■ WHAT THE TASK REQUIRES ■
Leaving out every picture, output the records below exactly as they are.

[Stored data]
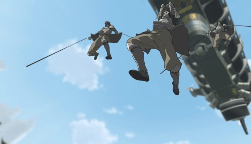 We then get our first look at the police of Republic City. Out of a giant airship comes a small squad of men decked out in metal suits travering via metal cables. Korra makes a remark telling us what they are: metalbenders.
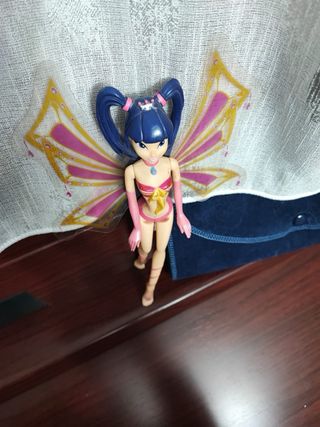Bambola Winx con ali colorate. - Ali trasparenti con dettagli rosa e gialli. - Vestito rosa. - Capelli blu raccolti.
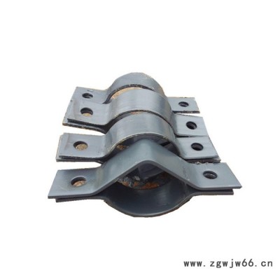 四螺栓管夹管夹 根据联接方式不同,每类管夹有带底板和不带底板两种,前者管夹用螺栓与底板联接,底板焊在支架和机体上,后者管夹用螺栓与支架直接联接。
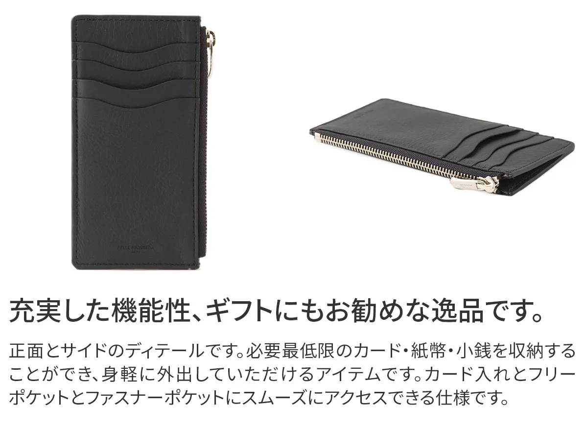 REMY CARRIAT(レミー キャリアット)社は、1927年に創業されたフランス、スペインの国境近くのエスプレットという小さな街にあるタンナー。 ヨーロッパのメゾンブランドや家具、馬具などでも使われていることで有名です。 こちらのアイテムには、非常にソフトな風合いとWAXYなタッチが特徴の“フルグレインレザー”を採用。 さらにドラム染色時に3M薬剤を使用することで防水、防汚機能を持っています。 ※3M(スリーエム)は、アメリカに本拠地を置く世界的化学・電気素材メーカー キャッシュレスがスタンダードになりつつある現代に対応したスマートなミニウォレット。 コインケース部分にササマチを加え、コインの出し入れをスムーズに出し入れが可能です。 ジャケットのポケットに入れてもきれいなシルエットを保ってくれます。
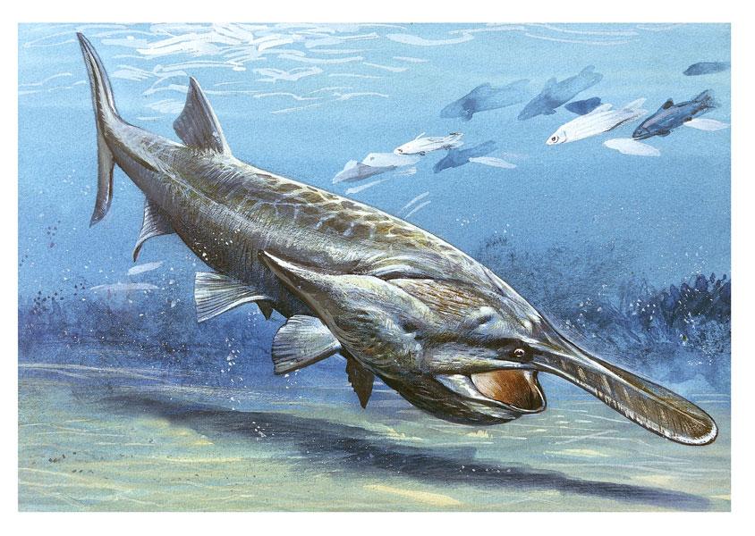 Il pesce spatola è presente nelle acque dolci degli Stati Uniti e predilige i bassi fondali melmosi. Un tempo viveva anche in Canada, ma dall’inizio del Novecento pare scomparso, tanto che in questo Paese è ormai considerato estinto. Di colore olivastro chiaro, ha struttura slanciata con ampia coda asimmetrica, pinne robuste e grande bocca armata di numerosi piccoli denti. Ciò che lo contraddistingue è lo stranissimo rostro appiattito, da cui prende il nome, che raggiunge la lunghezza di un terzo del corpo e serve a frugare nella melma per stanare i piccoli animali del fondo di cui il pesce spatola si nutre. Specie simile ma molto più grande e il cui rostro, più che a una spatola, assomiglia a una spada, è Psephurus gladius, presente nelle acque dolci della Cina e a rischio di estinzione.
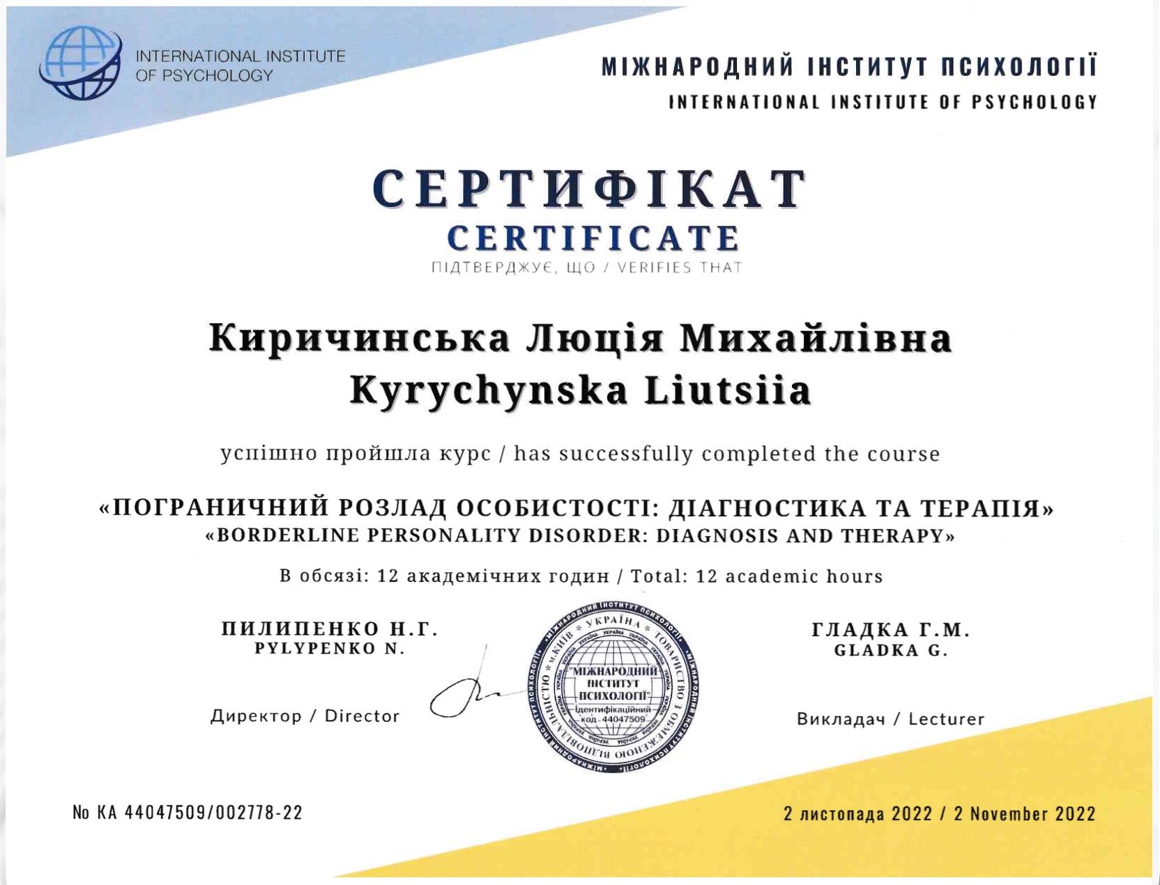 • Международный институт психологии – «Граничное расстройство личности: диагностика и терапия»;

■ RESPONSE ■
 We then get our first look at the police of Republic City. Out of a giant airship comes a small squad of men decked out in metal suits travering via metal cables. Korra makes a remark telling us what they are: metalbenders.
Bambola Winx con ali colorate. - Ali trasparenti con dettagli rosa e gialli. - Vestito rosa. - Capelli blu raccolti.
 四螺栓管夹管夹 根据联接方式不同,每类管夹有带底板和不带底板两种,前者管夹用螺栓与底板联接,底板焊在支架和机体上,后者管夹用螺栓与支架直接联接。
 REMY CARRIAT(レミー キャリアット)社は、1927年に創業されたフランス、スペインの国境近くのエスプレットという小さな街にあるタンナー。 ヨーロッパのメゾンブランドや家具、馬具などでも使われていることで有名です。 こちらのアイテムには、非常にソフトな風合いとWAXYなタッチが特徴の“フルグレインレザー”を採用。 さらにドラム染色時に3M薬剤を使用することで防水、防汚機能を持っています。 ※3M(スリーエム)は、アメリカに本拠地を置く世界的化学・電気素材メーカー キャッシュレスがスタンダードになりつつある現代に対応したスマートなミニウォレット。 コインケース部分にササマチを加え、コインの出し入れをスムーズに出し入れが可能です。 ジャケットのポケットに入れてもきれいなシルエットを保ってくれます。
 Il pesce spatola è presente nelle acque dolci degli Stati Uniti e predilige i bassi fondali melmosi. Un tempo viveva anche in Canada, ma dall’inizio del Novecento pare scomparso, tanto che in questo Paese è ormai considerato estinto. Di colore olivastro chiaro, ha struttura slanciata con ampia coda asimmetrica, pinne robuste e grande bocca armata di numerosi piccoli denti. Ciò che lo contraddistingue è lo stranissimo rostro appiattito, da cui prende il nome, che raggiunge la lunghezza di un terzo del corpo e serve a frugare nella melma per stanare i piccoli animali del fondo di cui il pesce spatola si nutre. Specie simile ma molto più grande e il cui rostro, più che a una spatola, assomiglia a una spada, è Psephurus gladius, presente nelle acque dolci della Cina e a rischio di estinzione.
 • Международный институт психологии – «Граничное расстройство личности: диагностика и терапия»;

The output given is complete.